The estate planning field has its share of what are sometimes called trust mills: firms that run large volumes of clients through a standardised living trust package with minimal individual analysis. It’s not always obvious from the outside which kind of practice you’re dealing with. A few things help.
Start with focus. An attorney whose practice is primarily or exclusively estate planning and elder law is a better starting point than a general practitioner who also handles divorce, personal injury, and anything else that walks in. Depth matters in this area. State laws vary significantly. Tax rules change. Medicaid has its own logic entirely. A generalist can produce documents that look correct and cause problems anyway.
Ask about credentials. ACTEC fellowship indicates recognised expertise in trusts and estates. NAELA membership signals a focus on elder law and long-term care. Neither is a guarantee of quality, but both suggest the attorney has sought out specialist knowledge in the relevant area.
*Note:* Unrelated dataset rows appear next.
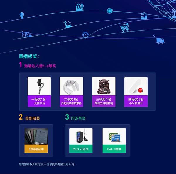 除在現(xiàn)場進(jìn)行常規(guī)展示外,有人物聯(lián)網(wǎng)還將開放線上直播間,為異地客戶提供“云參展”服務(wù)。屆時(shí),我們將邀請重磅嘉賓帶來“有人物聯(lián)網(wǎng)新技術(shù)分享”,為大家提供“智能硬件上云服務(wù)”、“智能方案展示”、“5G/Cat-1/NB-IoT新產(chǎn)品介紹”等直播干貨,期間好禮不斷,歡迎大家參加。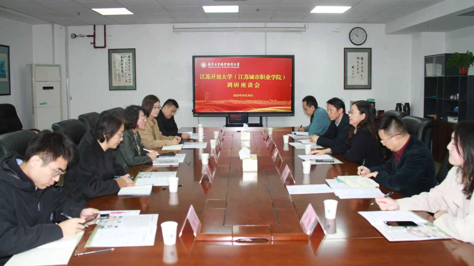 10月30日上午,江苏开放大学(江苏城市职业学院)副校长张晓一行来校调研。万象城官网党委常委、副校长魏萍在行政楼401会议室接待来宾,相关职能部门负责同志参加座谈。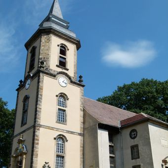 La Chiesa Protestante presenta una torre occidentale a tre piani del 1744, una navata rettangolare del 1859 e un'abside semicircolare con finestra rotonda.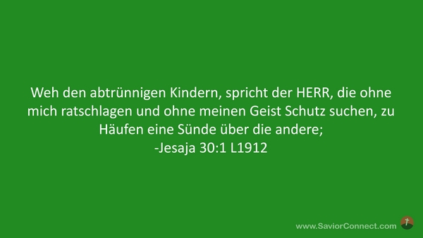 Weh den abtrünnigen Kindern, spricht der HERR, die ohne mich ratschlagen und ohne meinen Geist Schutz suchen, zu Häufen eine Sünde über die andere; -Jesaja 30:1 L1912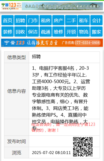 1、电脑打字客服4名,20-33岁,有工作经验半年以上.工资4000-5000元。2、运营助理3名,大专及以上学历专业跟电商有关的优先、数字敏感性高,细心,有晋升体制。3、网店美工3名,能熟练使用PS。4、直播间中控文员,电脑操作熟练,大专毕业。以上岗位都有全勤公休饭补。联系 13303194319 宁高路电视台西行 【电话咨询时,请一定说明在宁晋123看到的,谢谢!】 |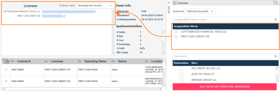 Das Beispiel unten zeigt die Änderungen in der vorangezeigten Spalte, nachdem der betreffende Filter angewendet wurde.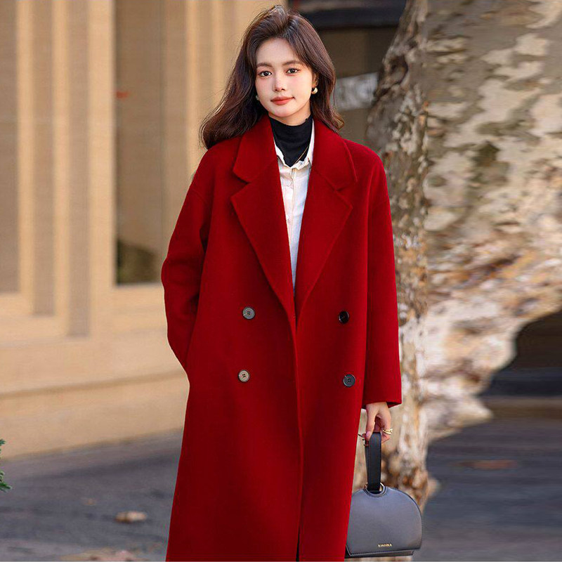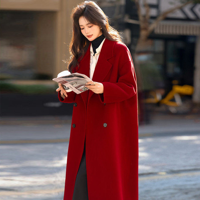 📚 酒红色毛呢外套女韩系秋冬装大码胖mm200斤新年结婚加厚呢子大衣
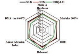 HMQ-L121推薦應用于低滾阻要求的全鋼胎輪胎胎面,有效降低滯后性能的同時沒有犧牲補強性和磨耗性能。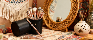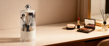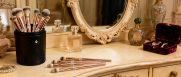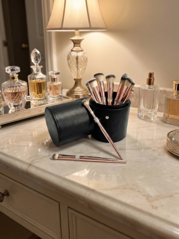 超写实3D渲染风格,纯白纯色背景,高光泽金属质感与细腻膏体纹理,光影效果为顶部斜射柔光形成明显高光与渐变阴影,六个化妆品元素规整排布组成系列集合:金色瓶盖黑色瓶身的香水、透明菱形切割面的粉底液瓶、带金色装饰的黑色睫毛膏管、玫瑰金色外壳的腮红刷、方形黑色眼影盘配金色边框、圆柱形高光修容棒,每个元素均保持与原图一致的高反光材质、精致细节刻画和45度角倾斜摆放,整体构图对称平衡,色彩以黑金色为主色调搭配产品本身色彩点缀,营造高端奢华的化妆品系列视觉效果。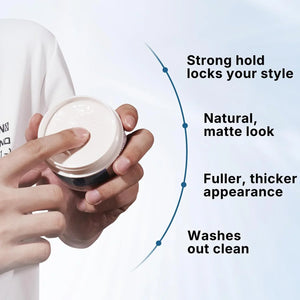 This clay gives your hair a natural matte finish with no grease, no shine, and no heavy buildup. It instantly boosts thickness and volume, making hair look fuller and more defined while still feeling light and touchable.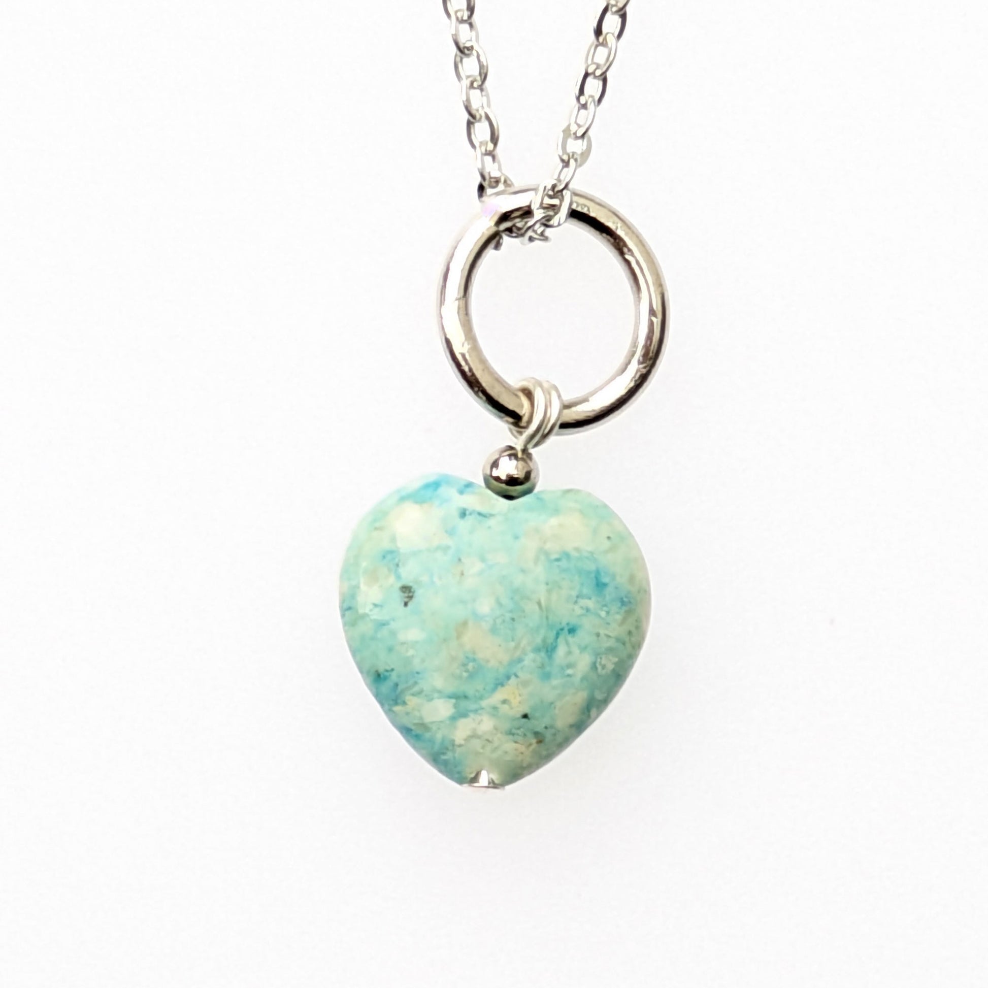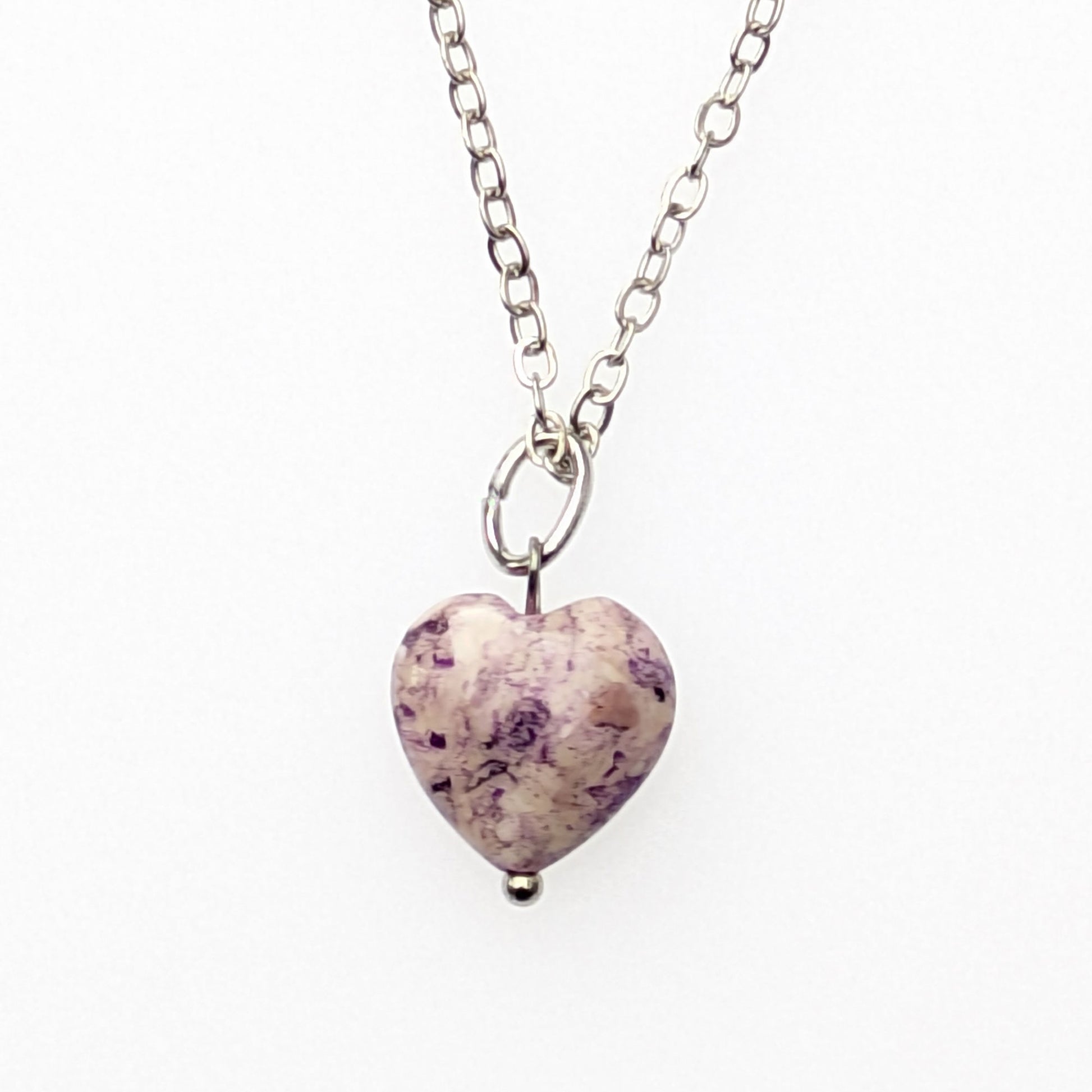 A simple little fossil heart on a silver plated chain.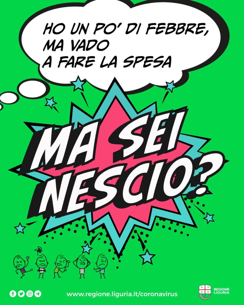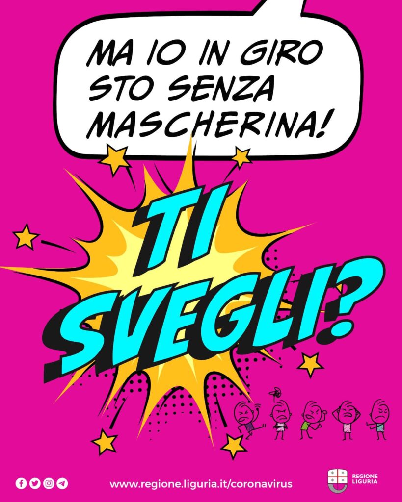 Da oggi sarà visibile sui canali social di Regione Liguria la nuova campagna di sensibilizzazione al rispetto delle norme di contenimento Covid. Protagonisti dell’iniziativa sono illustrazioni pop, dai colori accesi tipici dei fumetti e ironici scambi di battute, anche in dialetto, che invitano i cittadini, soprattutto i più giovani, a utilizzare la mascherina, rispettare il distanziamento sociale, curare l’igiene delle mani e avere responsabilità nei comportamenti individuali.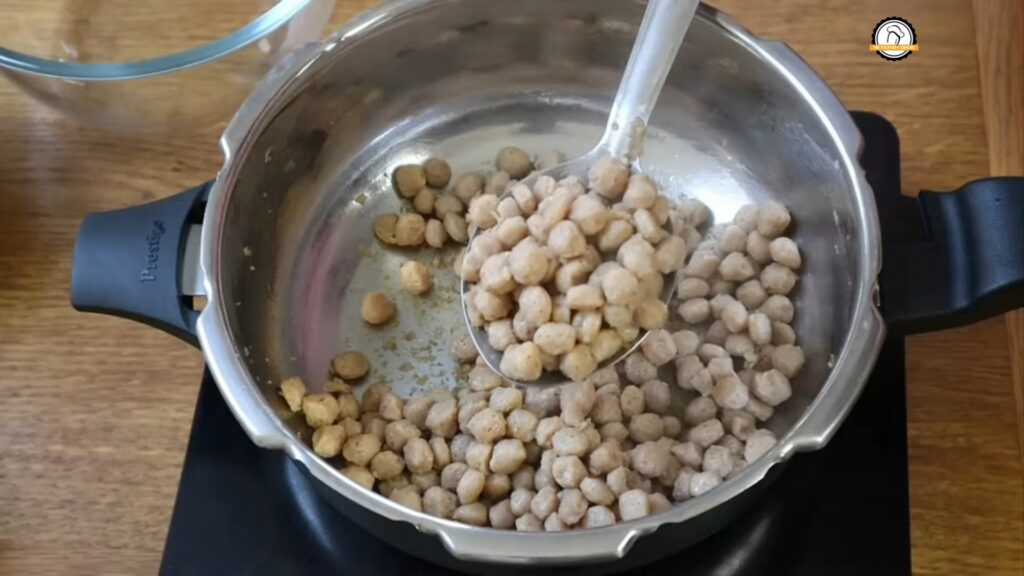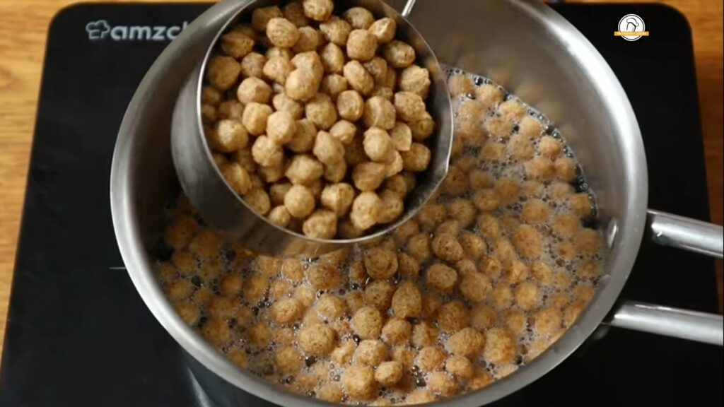 - Add 2 cups of soya chunks and boil for 1 or 2 mins.
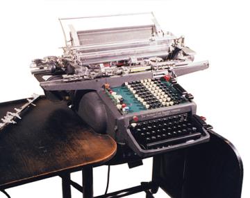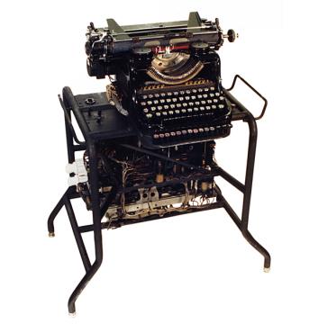 Schreibmaschine/Buchungsmaschine Burroughs Klasse 7 (Moon-Hopkins) Eigenschaften: Typenhebel, Unteranschlag, einfache Umschaltung, Farbband, Tabulator Tastatur: universal, französisch, fünfreihig, 38+20 Tasten Konstrukteur: Hubert Hopkins, Raymond G. Bower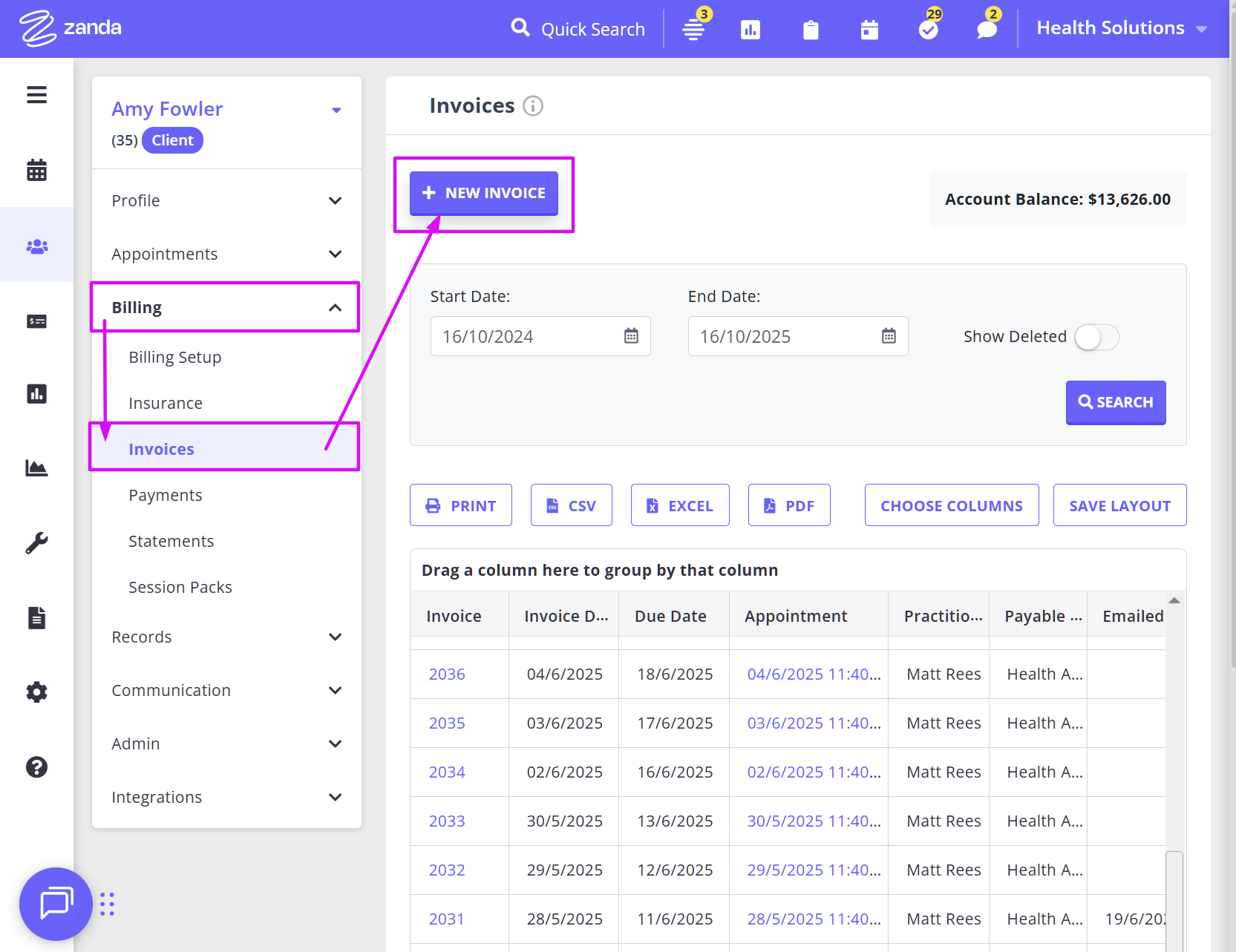 Invoices not attached to appointments can also be created in the client's invoices list.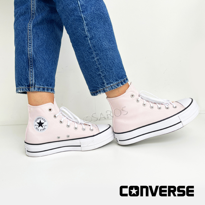 Sapatilhas Converse Chuck Taylor All Star Clean Platform High Top. Uns ténis Alll Star em tecido na cor rosa claro e ainda com plataforma. Um modelo que não irá deixar ninguém indiferente.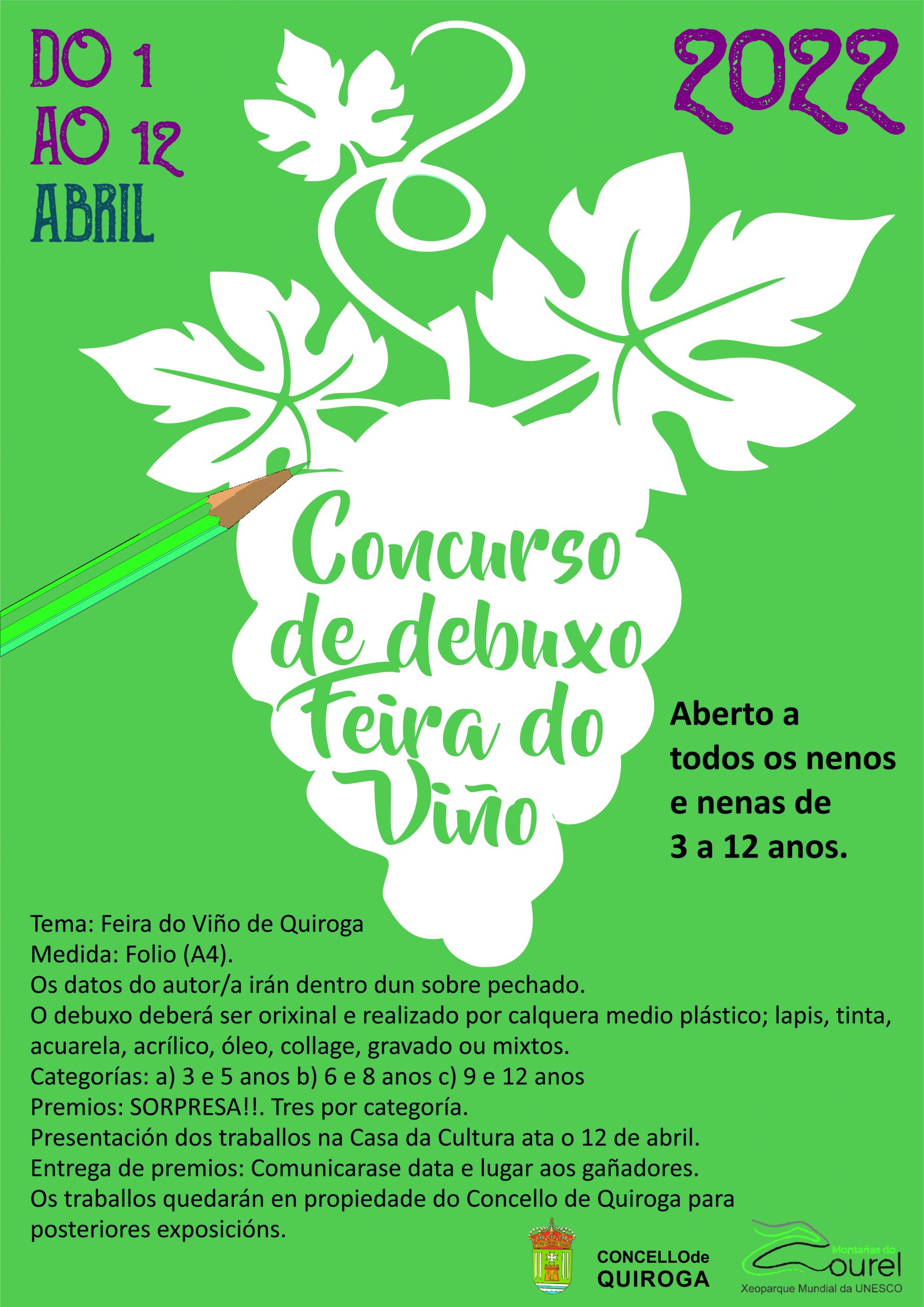Todas as nenas e nenos entre 3 e 12 anos poderán participar nun certame de debuxo que organiza o Concello de Quiroga para premiar os mellores debuxos relacionados co gran evento quirogués que exaltará os seus viños os días 16 e 17 de abril.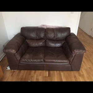 2 and 3 seater brown leather sofa. You can either one or both. For collection in person only. It really is incredibly comfortable and cozy. Same family since New. 2 seater is Approx 170cm long, 100cm wide/deep and 90cm tall (to top of back cushion). 3 seater is approx 210cm long. Heavy and sturdy with small feet to keep it slightly off the floor. Must collect- we can help you load it, but you will need someone to help you unload as it’s heavy.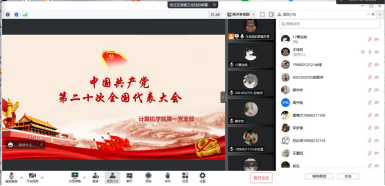 2022年10月21日19点,sunbet申搏员工第一党支部开展“贯彻落实党的二十大精神”党日活动,参会人员有支部书记呼延晓蓉,正式党员、发展对象以及所有积极分子。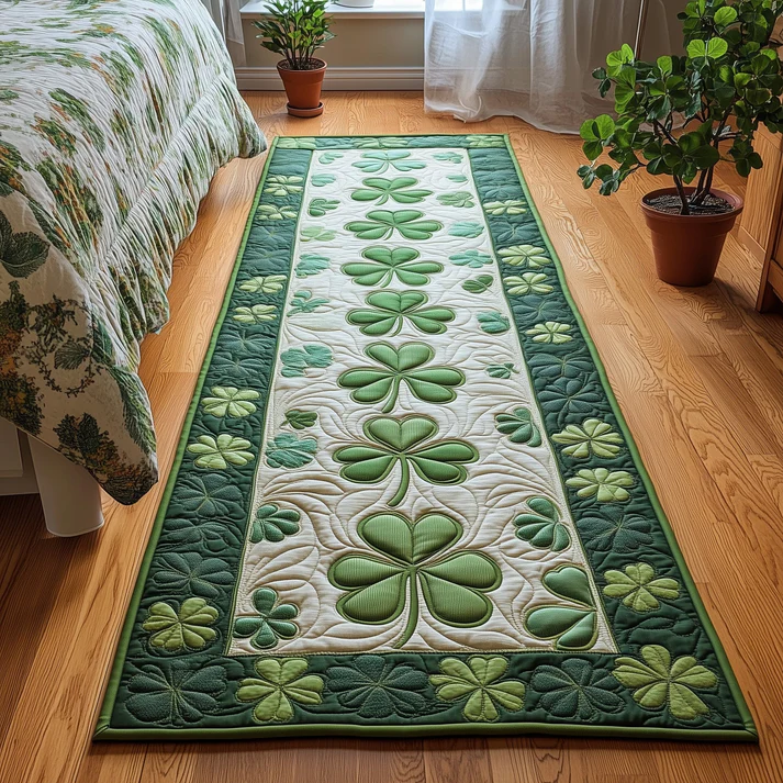 Fresh Farmhouse Style Irish Shamrock & Ombre Green Pattern Quilted Runner Rug with Cozy Rustic Decor | Irish Shamrock

Ask how fees work. Flat-fee packages for core estate planning work are standard and appropriate. An attorney who is vague about costs, or who quotes hourly without being able to give you a realistic range, is worth approaching with caution. Transparency about fees is usually a reasonable proxy for transparency about everything else.
Pay attention to how they approach the first conversation. A good estate planning attorney asks a lot of questions before recommending anything. They want to understand the family dynamics, the health picture, the assets involved, and the potential complications before they propose a structure. An attorney who moves quickly to a solution before they’ve understood the situation is a firm worth reconsidering.
Ask specifically who will do the work. In some firms, a partner handles the consultation and then the drafting is passed to a junior associate or even outsourced. That’s not necessarily a disqualifier, but you should know, and you should ask whether the person who understood your situation will have oversight over the final documents.
The clearest red flags are pressure to sign quickly, reluctance to let you review drafts in your own time, and anything that reads as fear-based selling. Fear is a legitimate element of this area because the risks are real. But there’s a difference between helping a family understand genuine risk and manufacturing urgency to close a sale.
Check the state bar for any disciplinary history. If something about the interaction feels off, trust that.